The output should match, line for line, the records from the line containing "以板块分布统计,社保基金持有" through the line containing "Taxe 1,10 francsCette", with every picture left out.

Records contained in a dataset:
● ● ● ●
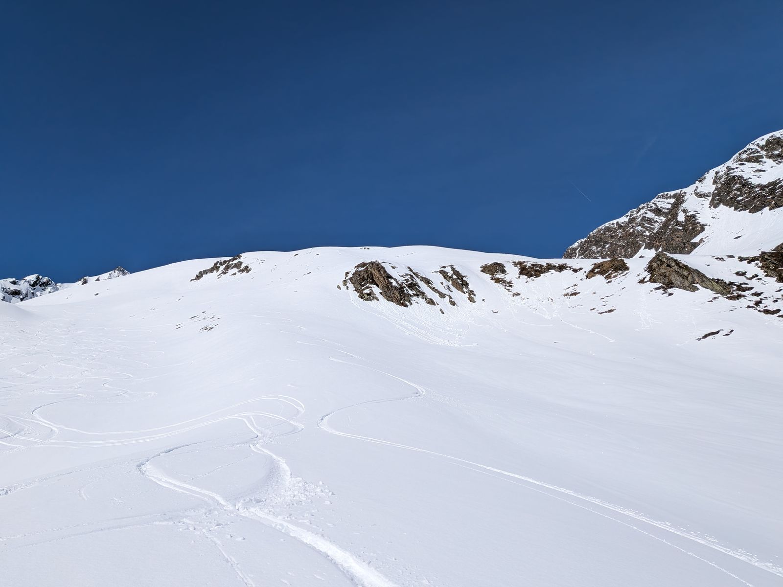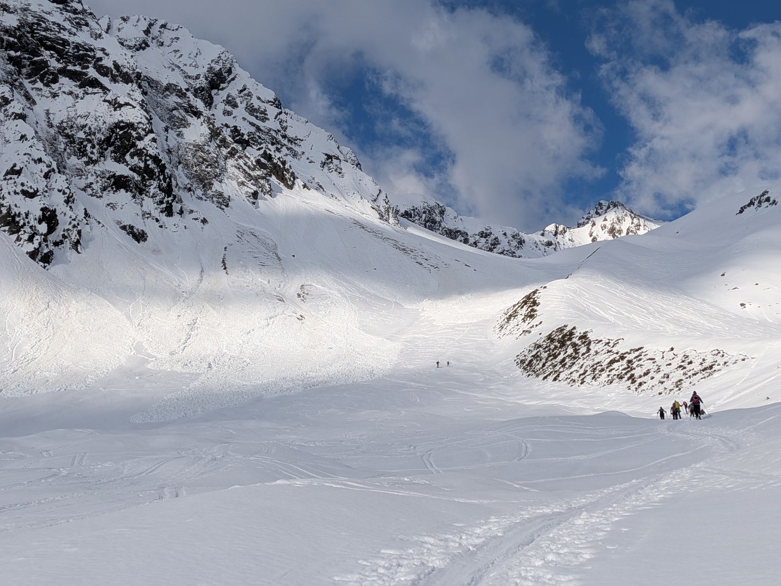 Auf jeden Fall möchte ich Jonas Aussage von gestern unterstreichen, dass momentan bei der Tourenplanung die Einzugsgebiete von Lawinen unbedingt zu berücksichtigen sind. Die Gefahr geht gegenwärtig mehr davon aus als selbst ein Schneebrett auszulösen.
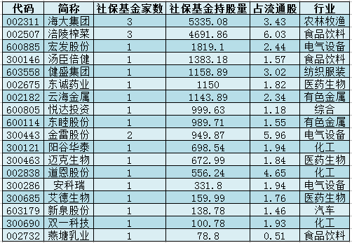 以板块分布统计,社保基金持有个股中,主板有5只,中小板有6只,创业板有7只。所属行业来看,社保基金持股主要集中在医药生物、食品饮料、化工行业,分别有3只、3只、3只个股上榜。
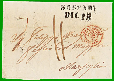 Taxe 1,10 francsCette lettre non affranchie, postée à Sassari le 15 décembre 1845, est entrée en France par Antibes le 22 décembre : cachet à date rouge "SARDAIGNE ANTIBES". Elle est arrivée à Marseille, distante de 145 km en ligne droite, le 23 décembre. Le destinataire a payé la taxe territoriale de 4 décimes, plus le port sarde de 7 décimes (inscrit en violet sur la lettre), soit 11 décimes.
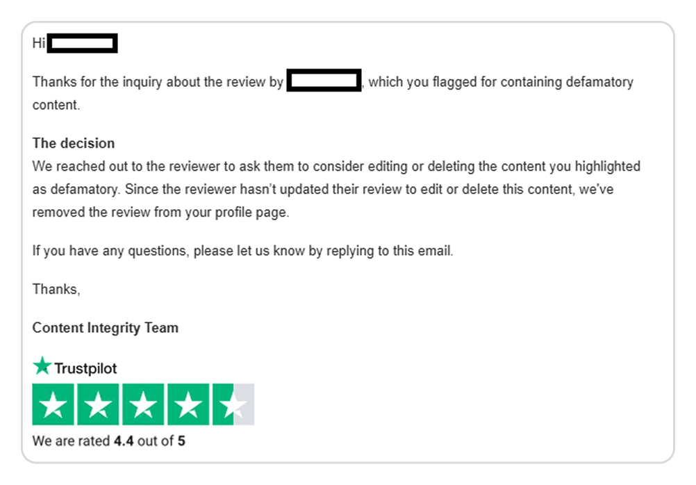 In the United States, the Consumer Review Fairness Act protects genuine customer feedback but is against fraudulent or defamatory content. From our experience working with the moderation team, Trustpilot is one of the most flexible and responsive review platforms for content removal, but I have news for you.
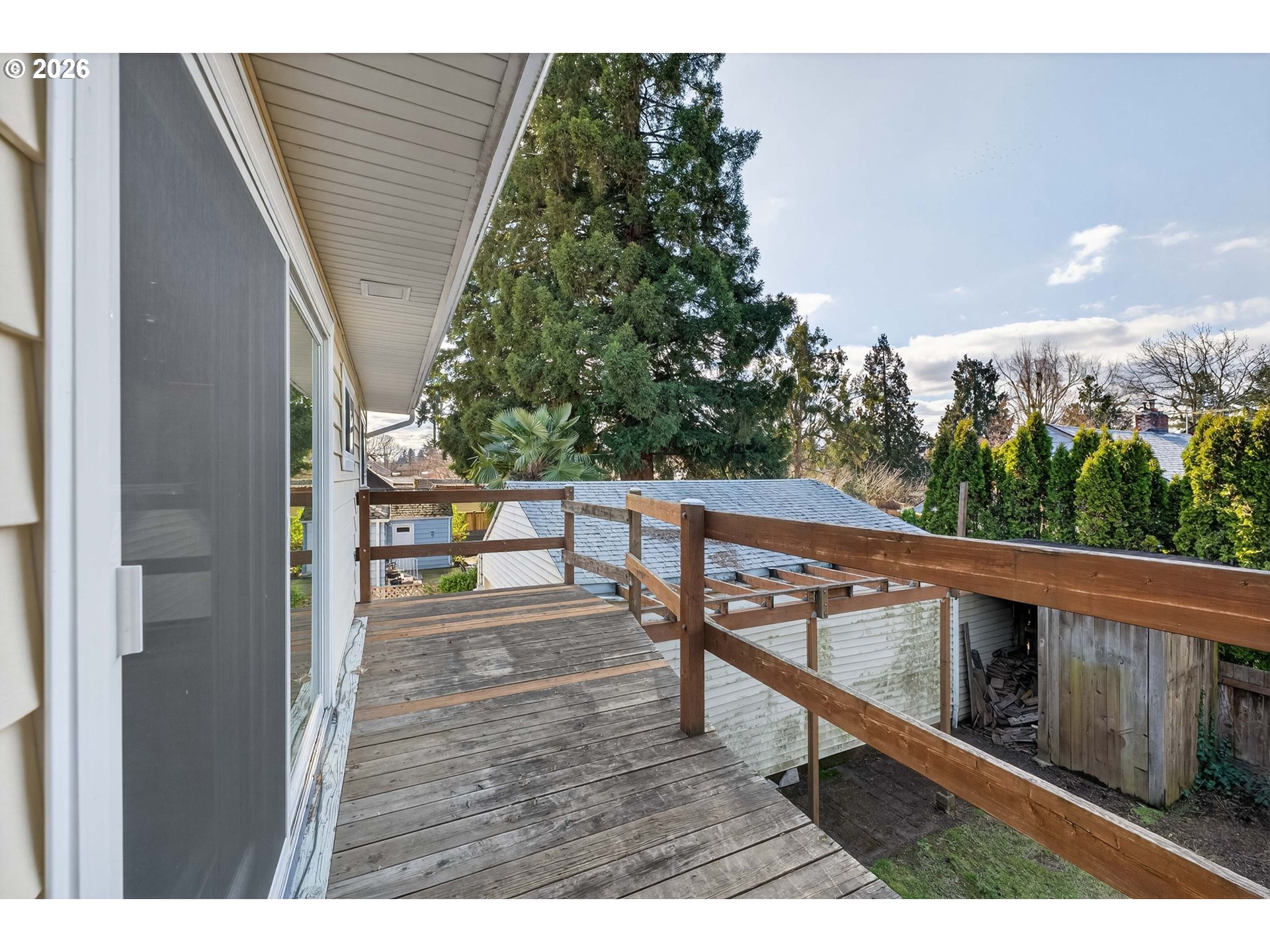 Same owner since 1980! This stately Arbor Lodge home is situated on a treed corner lot with a covered front porch. It boasts over 2600 sq. ft. on 3 levels with lots of big windows that flood the home with light! Primary suite has an ensuite full bathroom and deep double closets, plus a slider to a private, partially covered deck. Newer luxury vinyl plank flooring over most of the main floor. Sewer and water line was new in 2023. New garage door and opener installed 2025. New vinyl windows, siding and complete tear off roof replacement of house in 2007. Perfect for entertaining with a downstairs great room that has a built-in wet bar. Formal entertaining on the main floor is complete with a wood burning fireplace in the living room and a formal dining room. Spacious kitchen has a lighted pantry, and all appliances are included, plus the dishwasher was recently replaced with an upscale stainless steel model. The hall bath remodel includes an updated marble vanity with undermount sink, updated flooring, resurfaced tub with tile shower surround, plus a linen closet. The 13x13 laundry room has a sink and the washer & dryer are included along with the freezer. The huge 640 sq ft detached garage has its own 200 amp panel and service with separate meter. Lots of power with three 50 amp outlets. Has a separate shop room in the back of the garage for all your projects. You will find even more storage possibilities with a 7x10 backyard aluminum shed. The huge driveway is wide at 12.5 feet and is 70 feet long, with plenty of room for RV, boat, or several cars. There’s a fully fenced yard with some of the fence recently added. Just two blocks to Arbor Lodge Park, which includes Harper’s Playground, a universally accessible playground that is the first of its kind in PDX! You will also be convenient to shopping, schools, restaurants, and MAX light rail.
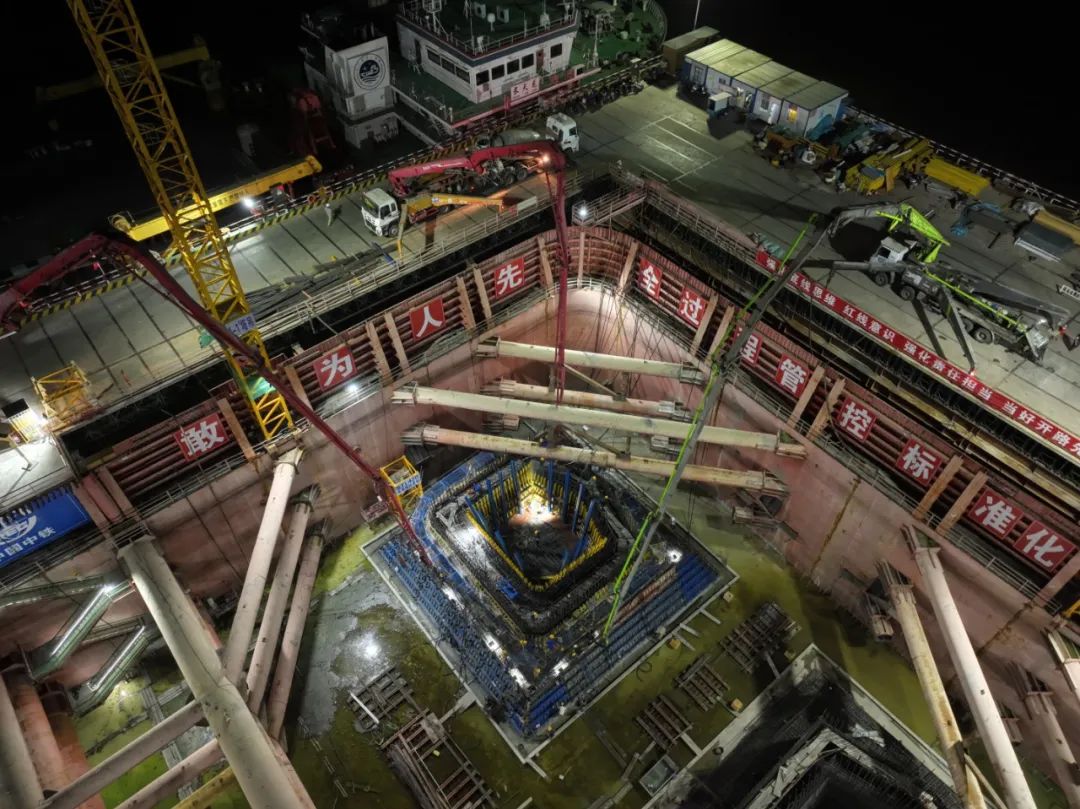 8月5日晚,世界最大跨度的三塔公铁两用斜拉桥——巢马城际铁路马鞍山长江公铁大桥中塔4号墩塔座及第一节塔柱开始浇筑混凝土,标志着巢马城际铁路全线控制性工程——马鞍山长江公铁大桥全面进入塔柱施工阶段。
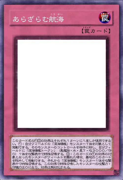 | このカード名の①②の効果はそれぞれ1ターンに1度しか使用できない。①:自分フィールドの「深海棲艦」モンスター1体を対象として発動できる。そのモンスターのコントロールを相手に移し、自分フィールドに「深海棲艦トークン」(悪魔族・水・星7・攻3000/守0)1体を攻撃表示で特殊召喚する。②:このカードの①の効果の対象となったモンスターがフィールドを離れた場合、墓地のこのカードを除外して発動できる。手札から「深海棲艦」モンスター1体を攻撃表示で特殊召喚する。この効果で特殊召喚したモンスターの攻撃力・守備力は0になり、効果は無効化される。 | |||
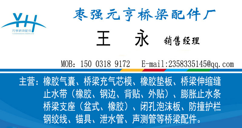 棗強(qiáng)元亨橋梁配件廠坐落于橡膠之鄉(xiāng)的河北衡水市,集研發(fā)、生產(chǎn)、銷售、咨詢和應(yīng)用服務(wù)于一體的專業(yè)生產(chǎn)多用途氣囊容器產(chǎn)品的獨(dú)資企業(yè)。我廠擁有專業(yè)技術(shù)人員和專業(yè)機(jī)械設(shè)備及專業(yè)焊工隊(duì)伍。 我廠以專業(yè)的隊(duì)伍、嚴(yán)謹(jǐn)?shù)墓芾?、超卓的設(shè)備,專業(yè)生產(chǎn)質(zhì)量一流的橋梁配件。主營(yíng):橡膠氣囊,工程橡膠充氣芯模,高壓氣囊,橋梁橡膠充氣芯模,市政管道封堵氣囊,A級(jí)全膠氣囊,帶法蘭盤橡膠氣囊,帶拉手純膠氣囊,高速公路鐵路梁板氣囊,混凝土襯托芯模,隧道涵洞氣囊,邊溝芯膜,箱涵芯模,閉水實(shí)驗(yàn)堵,閉氣試驗(yàn)堵,試驗(yàn)堵,橡膠護(hù)舷,封堵氣囊閉水堵,橡膠氣堵,充氣氣堵,充氣氣囊,橡膠氣囊布,排水管道堵水工具,管道用氣囊,橋梁板式支座,板式支座,橡膠膠板(厚度1mm-100mm),帶孔橡膠支座,橡膠止水帶,鋼邊止水帶,止水環(huán),止水條,接頭機(jī),止水帶膠水,橋梁支座,橋梁伸縮裝置,閉孔泡沫板,雙組份聚硫密封膠(膏),護(hù)欄支架,聲測(cè)管,泄水管,鋼絞線,錨具等橋梁配件。
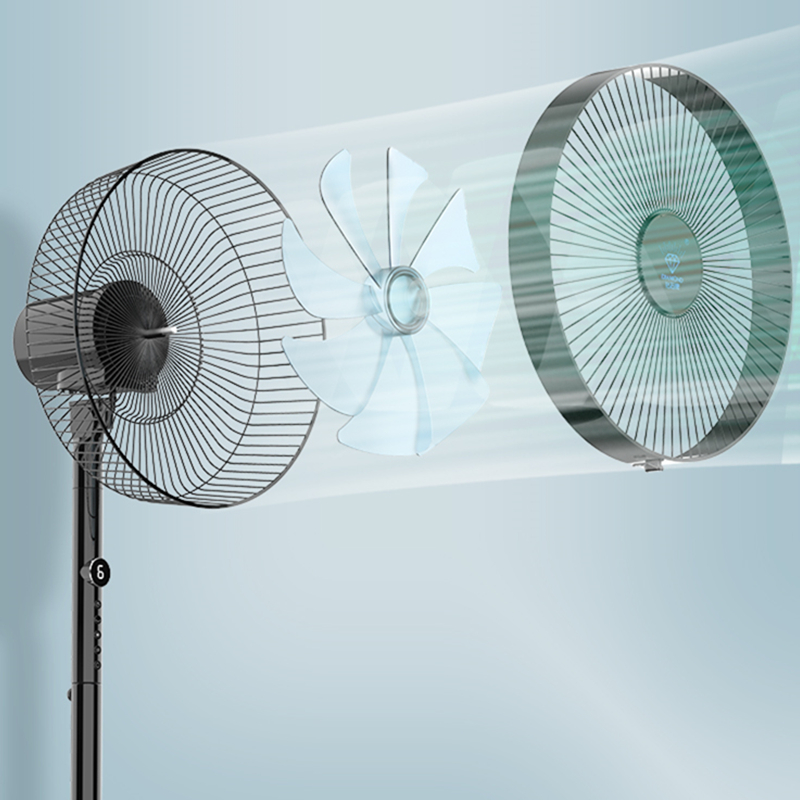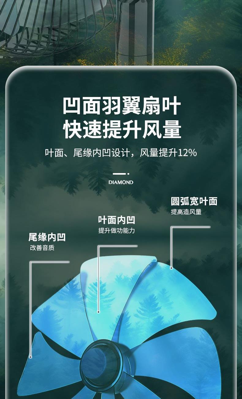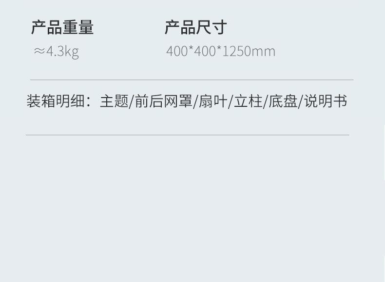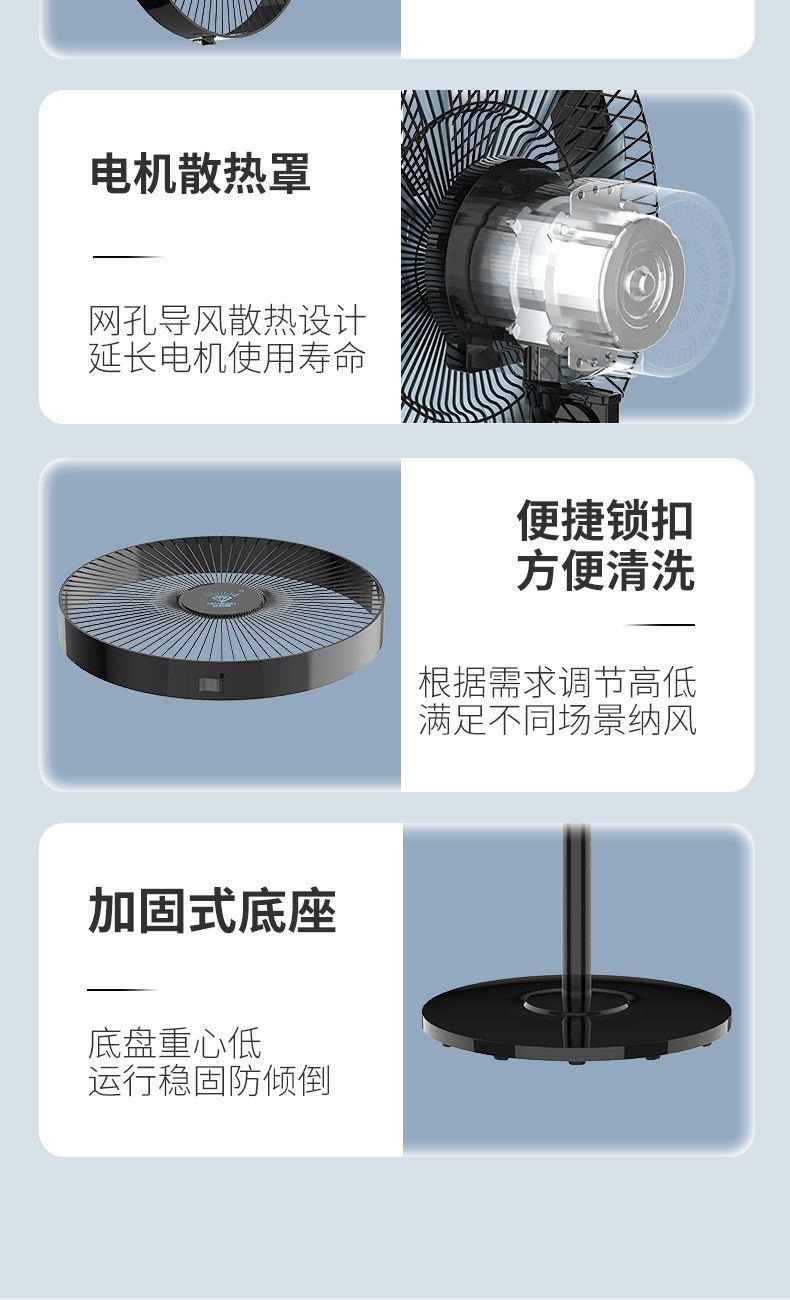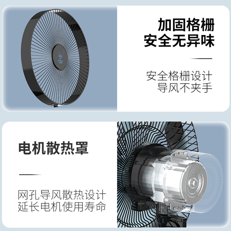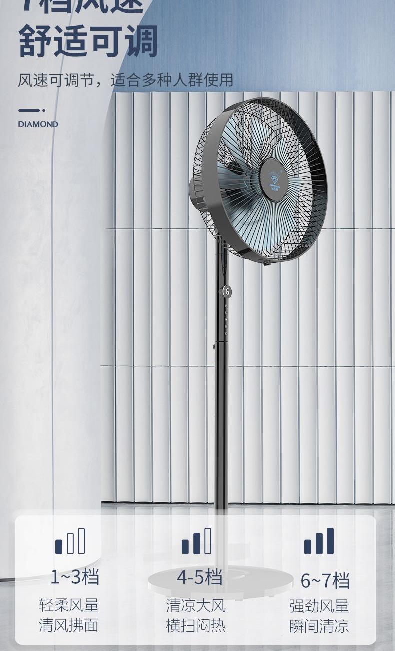 产品参数 网罩尺寸:35cm 风力档位:8挡 卡扣方式:网边自扣式 能效等级:新标二级能效 功率:40W 净重:4.5kg 毛重:5kg 纸箱:490*180*425mm 材质:8片PP风叶+外壳塑料配件ABS+7518电机 卖点: 1、7档调速,舒适可调。遥控开启关闭,0-9定时遥控, 2、高品质轴承电机,轻音运行且省电,一键睡眠/自然风设定; 3、8叶风叶,凹面羽翼扇叶,快速提升风量; 2、左右自动摇头85度,仰俯手动调节60度; 3、双重螺旋加速网罩宽8mm宽度,不用担心儿童打手; 4、便捷网罩锁扣,清洗如此简单。
● ● ● ●
Response to the task:
 以板块分布统计,社保基金持有个股中,主板有5只,中小板有6只,创业板有7只。所属行业来看,社保基金持股主要集中在医药生物、食品饮料、化工行业,分别有3只、3只、3只个股上榜。
 Taxe 1,10 francsCette lettre non affranchie, postée à Sassari le 15 décembre 1845, est entrée en France par Antibes le 22 décembre : cachet à date rouge "SARDAIGNE ANTIBES". Elle est arrivée à Marseille, distante de 145 km en ligne droite, le 23 décembre. Le destinataire a payé la taxe territoriale de 4 décimes, plus le port sarde de 7 décimes (inscrit en violet sur la lettre), soit 11 décimes.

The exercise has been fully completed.